The content of lithogenic components shows a wide variation range: SiO2 from 8.6% (Lake Krasnoe) to 43.0% (White Sea), TiO2 from 0.10% (Black Sea) to 0.32% (Baikal), Na2O from 0.007% (Lake Krasnoe) to 2.4% (Kara Sea), K2O from 0.15% (Lake Krasnoe) to 1.7% (Chukchi Sea), CaO from 0.92% (Lake Krasnoe) to 11.3% (Black Sea), MgO from 0.12% (Lake Krasnoe and Barents Sea) to 1.8% (East Siberian and Chukchi seas), P2O5 from 1.4 and 1.9% (Black and Kara seas, respectively) to 4.2–6.3% (East Arctic seas), and Stot from 0.006–0.17% (the majority of basins) to 0.20% and 0.30% (White and Barents seas, respectively) (Table 1).
Ratio of oxides of Mn and Fe in the studied nodules is an important property and varies from 0.002–0.04 (nodules from the Barents Sea and Lake Baikal) to 0.90–1.34 (Kara Sea and World Ocean). This ratio is 0.50–0.90 in the majority of Arctic nodules and 1.34 in the oceanic nodules.
Trace element composition of nodules
Lake Krasnoe. Relative to clayey rocks, nodules in lakes are enriched in Ba (3 times), Sr (1.5 times), as well as Mo, W, and As (2–3.5 times), but depleted in the remaining trace elements.
Baikal. Nodules in Lake Baikal, relative to marine nodules, are appreciably enriched in U (19 ppm), Th (15 ppm), Ta (1.1 ppm), Mo (27 ppm), W (38 ppm), Be (3.5 ppm), Sn (2 ppm), Cs (3.5 ppm), Nb (11 ppm), Cu (110 ppm), and Rb (86 ppm).
Baltic Sea (Gulfs of Riga and Finland). Nodules from both gulfs are slightly enriched in Bi (0.33–0.42 ppm), Y (40–48 ppm), and Ba (2334–2960 ppm). Samples from the Gulf of Finland are also enriched in Zn (415 ppm).
Black and White Seas. Nodules from both seas are enriched in Sb (5.1–7.2 ppm), Mo (3.1–11.2 ppm), W (4.1–19 ppm), Ni (84–465 ppm), As (220–2833 ppm), Co (109–160 ppm), and Zn (110–130 ppm). Samples from the Black Sea are also enriched in W (19 ppm), Ga (90 ppm), and Ba (2180 ppm).
Barents Sea. Nodules from the northern Black Sea are enriched in Fe (54.4%), Be (3.3 ppm), Hf (3.6 ppm), and Sc (23.6 ppm).
Kara Sea. Nodules from this sea are enriched in Fe. Among the subordinate Mn-bearing nodules, we examined the variety enriched in Sb (11.5 ppm), Sn (2 ppm), As (435 ppm), V (435 ppm), and Zr (83 ppm).

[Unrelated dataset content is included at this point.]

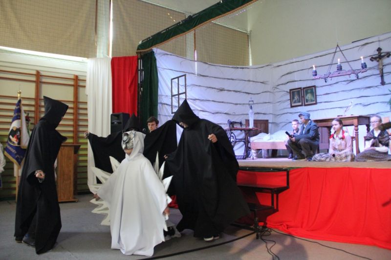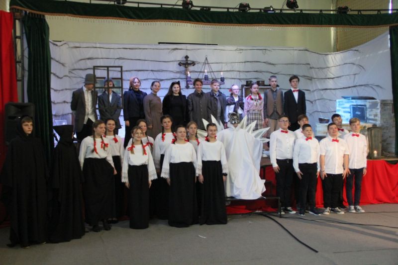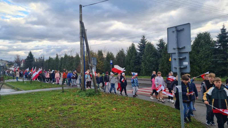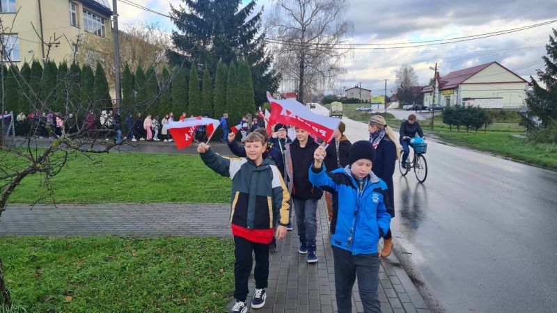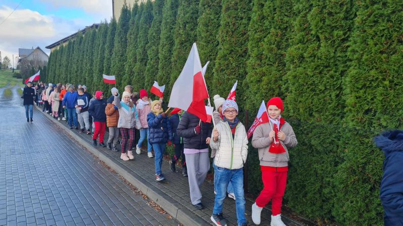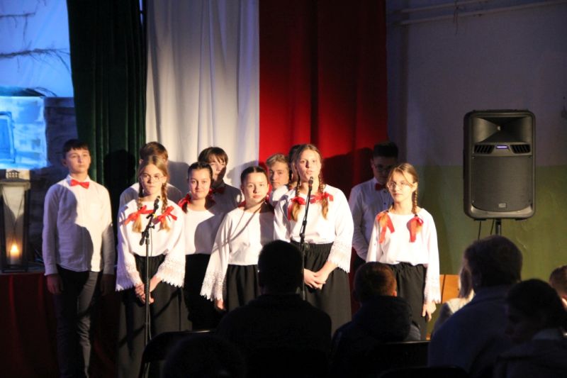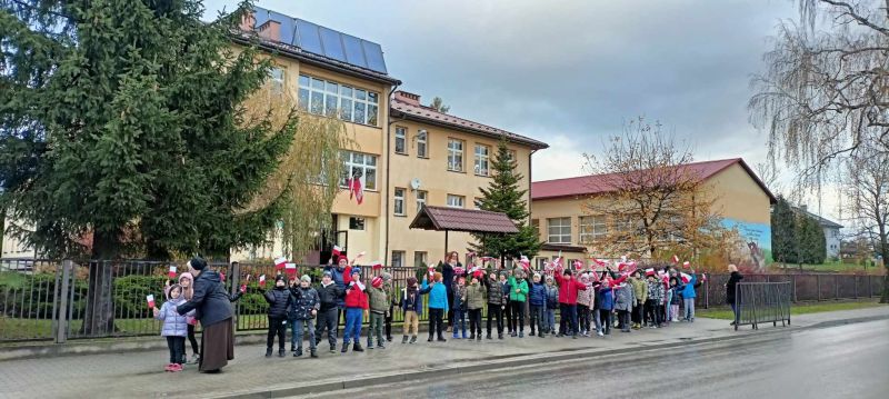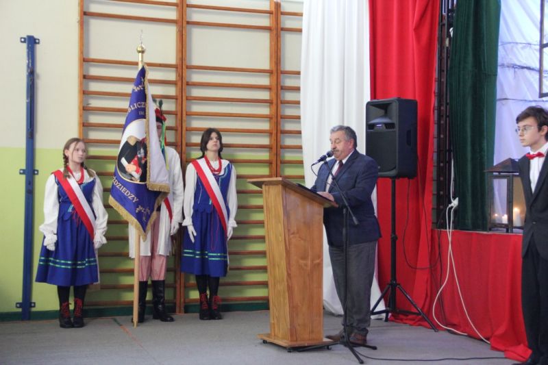 Z okazji 105 Rocznicy Odzyskania przez Polskę Niepodległości w naszej szkole odbyło się kilka wydarzeń o charakterze patriotycznym. 9 listopada 2023 roku wzięliśmy udział w ogólnopolskiej akcji ministerialnej "Szkoła do hymnu", która polega na wspólnym odśpiewaniu Hymnu Narodowego o symbolicznej godzinie 11:11. 12 listopada uczniowie klas VII zaprosili społeczność lokalną na "Wieczornicę patriotyczną", która odbyła się w szkolnej sali gimnastycznej. Młodzi aktorzy pod opieką Pani Wicedyrektor Beaty Biernackiej, Pana Marcina Balasy oraz Pani Marzeny Liszki i Pani Małgorzaty Maczugi przygotowali program artystyczny pod tytułem "Pisk białego orła". W pięknej scenografii uczniowie zaprezentowali spektakl teatralno - muzyczny, przybliżający widzom wydarzenia historyczne z okresu rozbiorów. 13 listopada spektakl został zaprezentowany całej społeczności szkolnej. Uczniów klas VII nagrodzono gromkimi brawami, doceniając ich trud oraz zaangażowanie włożone w przygotowanie przedstawienia. Dnia 14 listopada zgodnie z tradycją szkoły odbył się "Marsz Niepodległości". Corocznie uczniowie wszystkich klas manifestują swoją przynależność narodową, maszerując z biało - czerwonymi flagami przez Bieździedzę i Bieździadkę. Pan Dyrektor Wiesław Jedziniak podziękował uczniom oraz nauczycielom za przygotowanie obchodów Święta Niepodległości.

Laptev Sea. Nodules here are depleted in Bi (0.13 ppm), Ta (0.20 ppm), Tl (0.77 ppm), Sn (0.66 ppm), Nb (3.1 ppm), Cr (14 ppm), Cu (24 ppm), and Zr (48 ppm), but enriched in U (12 ppm), As (750 ppm), Pb (120 ppm), Co (340 ppm), and Sr (1070 ppm).
East Siberian Sea. Nodules in this region are depleted in several elements (Ag, Tl, Be, Sn, Hf, Nb, Th, Sc, Zr), but enriched in Cd (11.2 ppm), Sb (18.4 ppm), Tl (7.5 ppm), Mo (417 ppm), Li (95 ppm), and V (400 ppm). We also detected here signs of the exhalation of endogenic components (Hg and Au included) from the seafloor (Baturin et al., 2014; Baturin et al., 2016).
Chukchi Sea. Nodules from the Chukchi Sea are depleted in Hg (0.03 ppm), Tl (0.46 ppm), Sn (0.60 ppm), and Hf (0.95 ppm), but enriched in Bi (0.35 ppm), Sr (1335 ppm), and As (800 ppm).
World Ocean. Averages contents of the majority of trace elements in the oceanic nodules (22 samples among 34 studied) are higher than in the marine and lacustrine nodules (ppm): Bi (0.2–7), Cd (0.44–11), Sb (2.2–40), Tl (0.62–50), Ta (0.19–10), Mo (5.8–400), W (1.0–100), Th (2.9–30), Nb (3–50), Pb (10–900), Co (12.5–2700), Cu (11–4500), Ni (30–6600), and (Zn 90–1200) (Tables 2, 3).
The oceanic and marine nodules are marked by similar average contents of several trace elements (Se, Cd, Sb, Mo, As, Sr), concentrations of which are higher in nodules from the East Siberian and Chukchi seas. Hence, the Mn phase stimulates the accumulation of several nonferrous metals mainly in the oceanic nodules and less commonly in the marine nodules—an opinion expressed previously in (Mero, 1965; Zhelezomargantsevyse …, 1976) but not always applied to marine nodules.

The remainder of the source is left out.